### [ACTIVITY]
In the records below, find the line with "Questo elegante velo" and repeat it and every line after it, exactly, without any pictures.

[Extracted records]
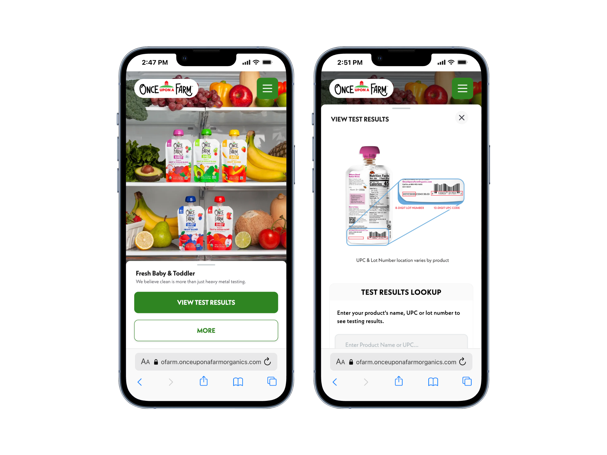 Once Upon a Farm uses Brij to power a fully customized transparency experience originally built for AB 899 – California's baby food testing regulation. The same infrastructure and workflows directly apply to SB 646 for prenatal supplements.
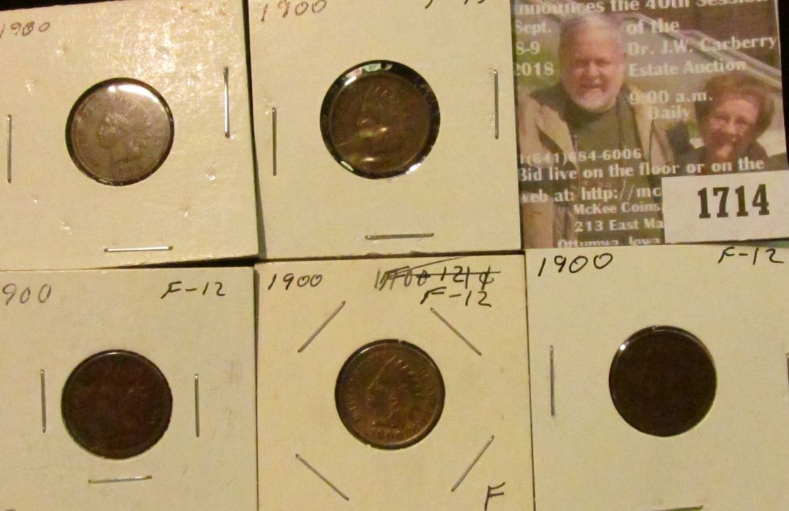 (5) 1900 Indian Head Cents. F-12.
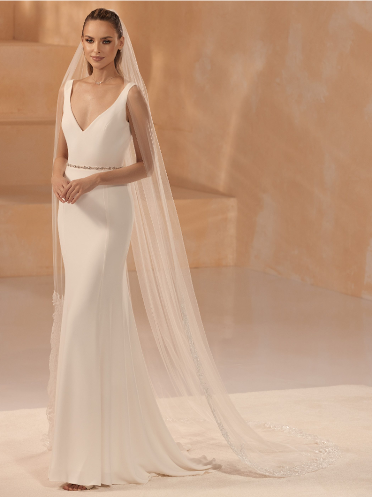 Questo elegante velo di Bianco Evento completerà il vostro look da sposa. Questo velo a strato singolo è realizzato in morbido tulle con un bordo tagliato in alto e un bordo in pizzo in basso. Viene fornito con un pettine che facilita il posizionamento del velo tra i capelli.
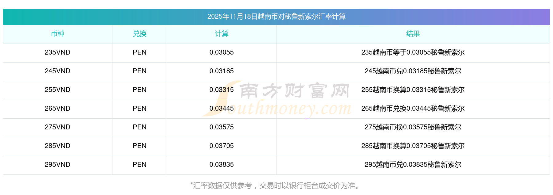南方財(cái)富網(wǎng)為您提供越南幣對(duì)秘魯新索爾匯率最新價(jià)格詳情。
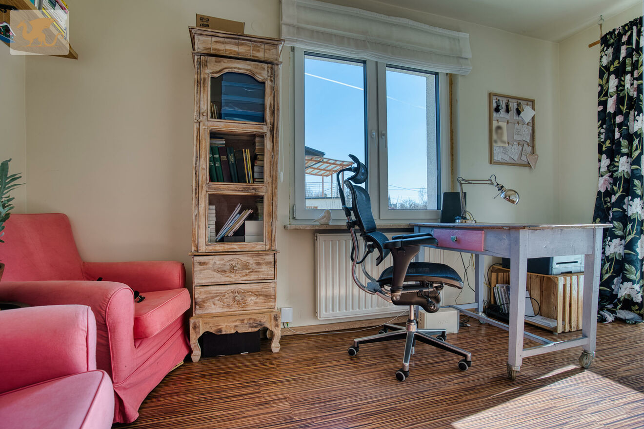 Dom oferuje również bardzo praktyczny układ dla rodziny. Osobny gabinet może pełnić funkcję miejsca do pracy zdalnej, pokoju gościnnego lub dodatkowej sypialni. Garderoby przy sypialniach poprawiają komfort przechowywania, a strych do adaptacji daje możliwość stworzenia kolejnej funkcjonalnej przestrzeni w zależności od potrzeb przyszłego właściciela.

### [EXERCISE ANSWER]
 Questo elegante velo di Bianco Evento completerà il vostro look da sposa. Questo velo a strato singolo è realizzato in morbido tulle con un bordo tagliato in alto e un bordo in pizzo in basso. Viene fornito con un pettine che facilita il posizionamento del velo tra i capelli.
南方財(cái)富網(wǎng)為您提供越南幣對(duì)秘魯新索爾匯率最新價(jià)格詳情。
 Dom oferuje również bardzo praktyczny układ dla rodziny. Osobny gabinet może pełnić funkcję miejsca do pracy zdalnej, pokoju gościnnego lub dodatkowej sypialni. Garderoby przy sypialniach poprawiają komfort przechowywania, a strych do adaptacji daje możliwość stworzenia kolejnej funkcjonalnej przestrzeni w zależności od potrzeb przyszłego właściciela.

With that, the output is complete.